Опознание. Записки адвоката
Шрифт:
Я познакомился с мальчиком с третьего этажа. Мы жили на четвертом. Как звали мальчика, забыл. Помню только, что он был мой ровесник, очень плотненький, а его отец – огромного роста водопроводчик. Водопроводчик вскоре, возвращаясь с охоты, погиб в тяжелой автоаварии вместе с целым автобусом соратников. Вероятно, по доброй русской традиции водитель автобуса был пьян не меньше, чем пассажиры. В конце концов, это только справедливо – если равенство, так во всем. Мы дружили с тем мальчиком, вместе гуляли, бросали камни в большие, как пруды, совершенно миргородские лужи во дворе. Брызг бывало много, и мы оба частенько оказывались насквозь мокрыми. По этому поводу между нашими родителями время от времени возникали дипломатические трения. На тему, кто кого облил: наш вашего или все-таки ваш нашего. Справедливости ради отмечу, что моя семья никогда не возбуждала вздорных дискуссий. Инициатива исходила всегда от другой стороны. Так что друзьями мы были с безымянным мальчиком в прямом и переносном смысле неразлейвода.

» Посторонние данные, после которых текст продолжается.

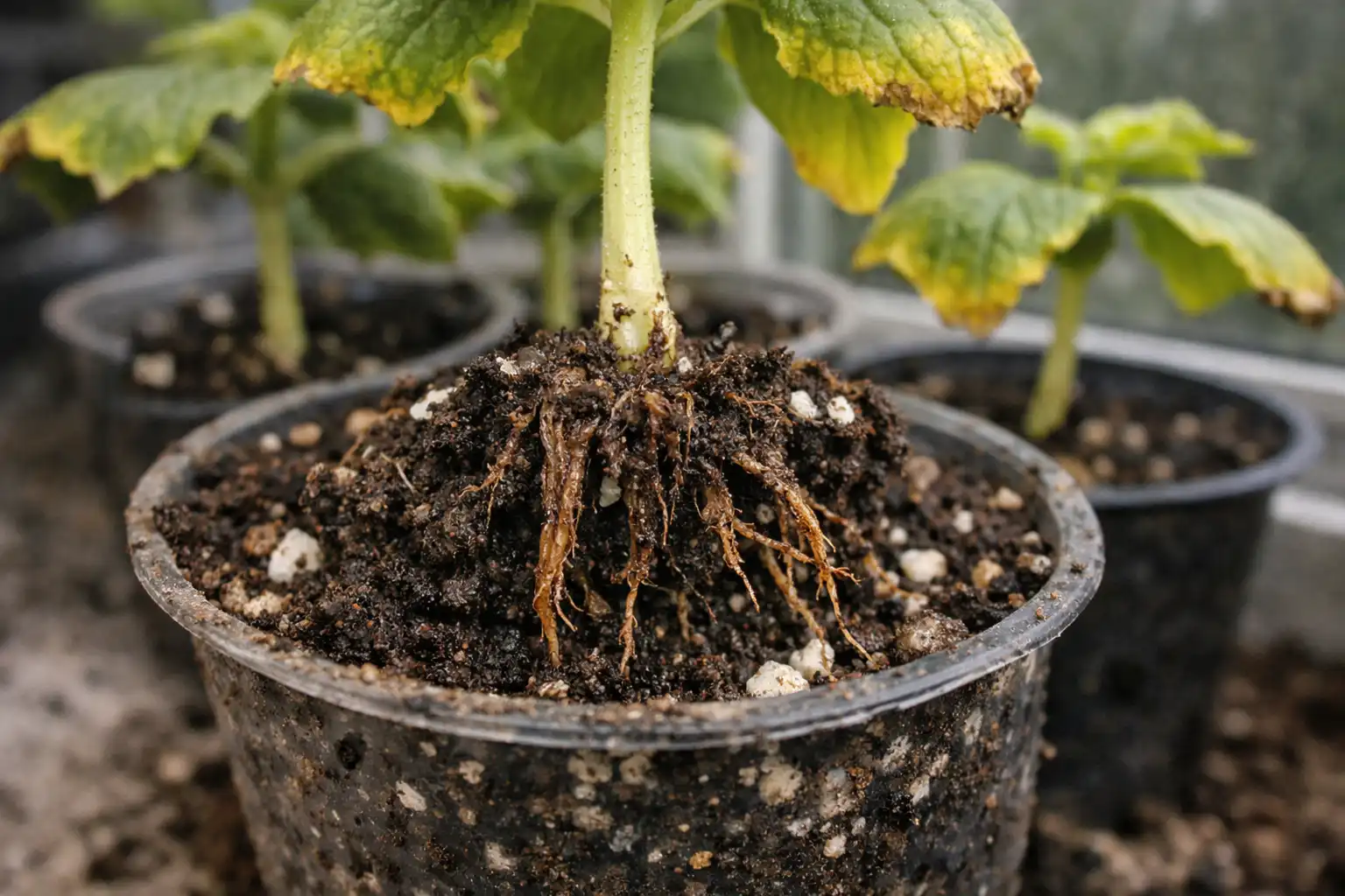 Problema slypi jonų antagonizmas. Kai į ankštą puodą įpilate per daug kalio, tai tiesiogine prasme išstumia magnį ir kalcį. Dėl to augalas kenčia nuo trūkumo, net jei dirvoje gausu mikroelementų.

Но однажды мы с ним подрались. То есть, может быть, и не однажды,
Нас разняли. Жизнь пошла своим чередом, покачивая аппетитными боками. И позже при неизбежных мальчишеских схватках я никогда не мог заставить себя бить кого-то. В лучшем случае стискивал противника, чтобы нейтрализовать его. Силы мне хватало. Но заглядывать в глаза очень скоро перестал даже пытаться. Много позже, в старших классах, мне пришлось наблюдать драки. Видя, как одно двуногое хладнокровно, можно даже сказать, методично, «выключает» другое двуногое ударом ногой в лицо, я цепенел от ужаса. Не от страха за себя, а именно от ужаса. Экзистенциального, хотя, конечно, это пышное слово я узнал гораздо позднее. Я наблюдал, как победившая особь удаляется как ни в чем не бывало, а побежденная неподвижно лежит на земле, едва не погибая от боли. Мне казалось, что мир должен развалиться на куски: ведь происходит нечто невозможное, чудовищное, сатанинское!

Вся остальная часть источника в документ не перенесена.